Supplemental Table S5 shows the mean DORs stratified by study design, whether the validation was prospective or retrospective in design. Table 3 summarizes the mean DORs from a univariate model for each syndrome by testing method. For T21, T18 and T13, the highest DOR values were achieved with the SNP-based NIPT. For MX, the highest DOR was seen for DANSR.

Table 3

Validation studies: summary estimates for Diagnostic Odds Ratio (DOR) from univariate model, by syndrome and method.

Syndrome	Method	Mean DOR	(95% CI)
T21	All	35,173	(22,313, 55,444)
	MPSS	28,585	(15,104, 54,097)
	DANSR	61,486	(22,113, 170,963)
	SNP	108,829	(30,768, 384,936)
T18	All	7,212	(4395, 11,833)
	MPSS	5,195	(2655, 10,165)
	DANSR	18,403	(6755, 50,135)
	SNP	20,455	(6053, 69125)
T13	All	6,798	(3959, 11,673)
	MPSS	4,915	(2415, 10,004)
	DANSR	9,197	(2659, 31,807)
	SNP	14,206	(3215, 62,775)
MX	All	2,177	(1065, 4451)
	MPSS	1,826	(650, 5135)
	DANSR	3,898	(761, 19,976)
	SNP	3,262	(655, 16,256)

For all syndromes, standardized PPVs were much lower than pooled observed PPVs for all syndromes due to the higher prevalence seen across the validation studies. The standardized PPV for T21 was 79.78% (95% CI 78.21–81.34), for T18 50.22% (95% CI 46.84–53.6), for T13 28.94% (95% CI 24.2–33.68), and for MX 13.17% (95% CI 9.12–17.23). Standardized PPV was highest for the SNP method for all syndromes.
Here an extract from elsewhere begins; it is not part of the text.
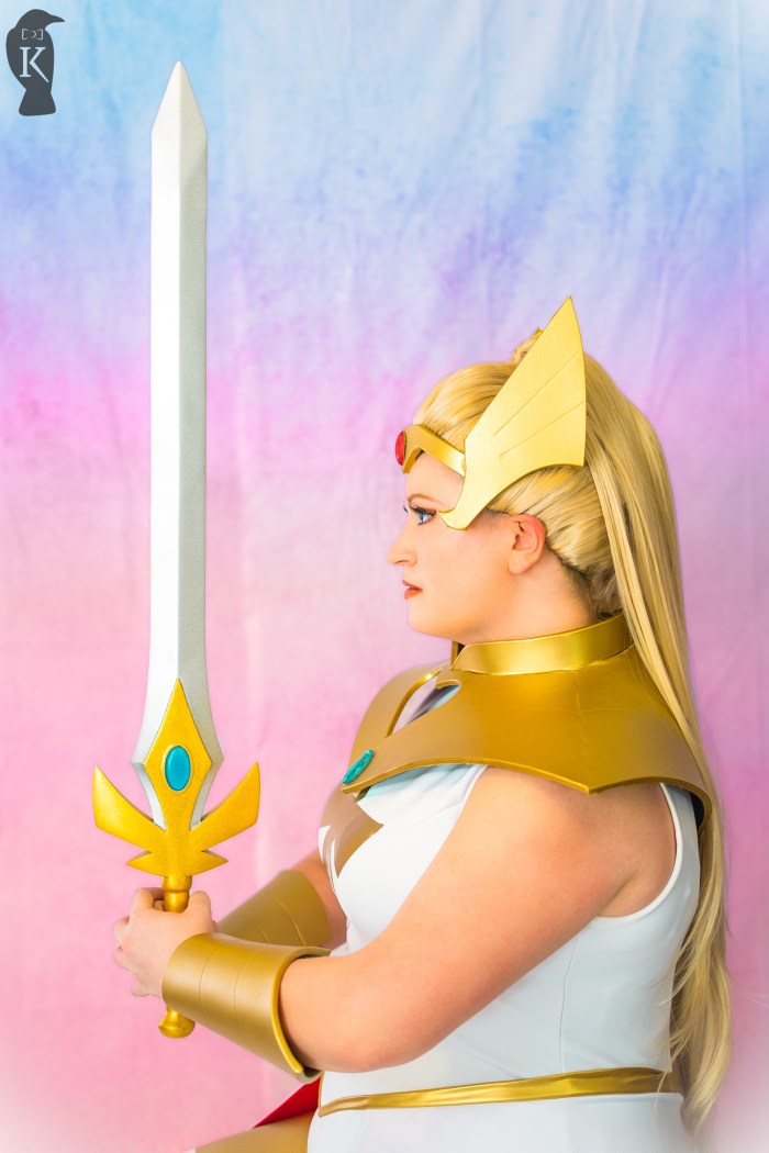 The armor is a modified version of Sayakat Cosplay’s S5 She-Ra armor patterns. All pieces are EVA foam covered in vinyl. Gems are resin and glued to the top of the foam (some were cast by me and some were from seconds purchased from The Dangerous Ladies). The sword is a 3d printed kit from The Dangerous Ladies, finished by me!
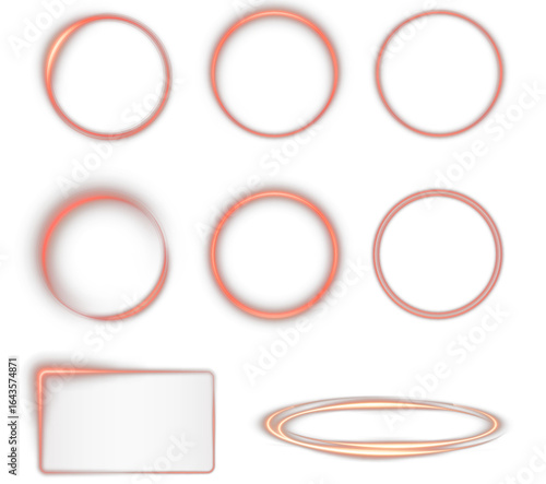 Neon, curve, light, colours, abstract PNG frames. This PNG Overlay on transparent background offers glowing red circles, bright rings, and modern light shapes perfect for tech, space.

3.1.2. Retrospective Versus Prospective

Table 4 summarizes pooled estimates for the performance of testing by syndrome and study type. From a bivariate model, the mean DR for retrospective studies for T21 was 99.14% (95% CI 98.16–99.60) and for prospective studies 98.02% (95% CI 96.37–98.93) (Table 5). The mean FPR for retrospective studies for T21 was 0.21% (95% CI 0.08–0.57) and for prospective studies 0.09% (95% CI 0.05–0.17). The DRs for T18, T13, and MX were lower, but FPRs were similar. In a model controlling for syndrome, both the mean DR and mean FPR for retrospective studies were significantly higher than that of prospective studies (p = 0.004 and 0.003, respectively). Cohort prevalences for all syndromes were 4–6 times higher in retrospective compared to prospective studies. The differences in DR and FPR between prospective and retrospective studies were no longer statistically significant when including prevalence as a covariate in the model.

Table 4

Validation studies: pooled estimates by syndrome and study type.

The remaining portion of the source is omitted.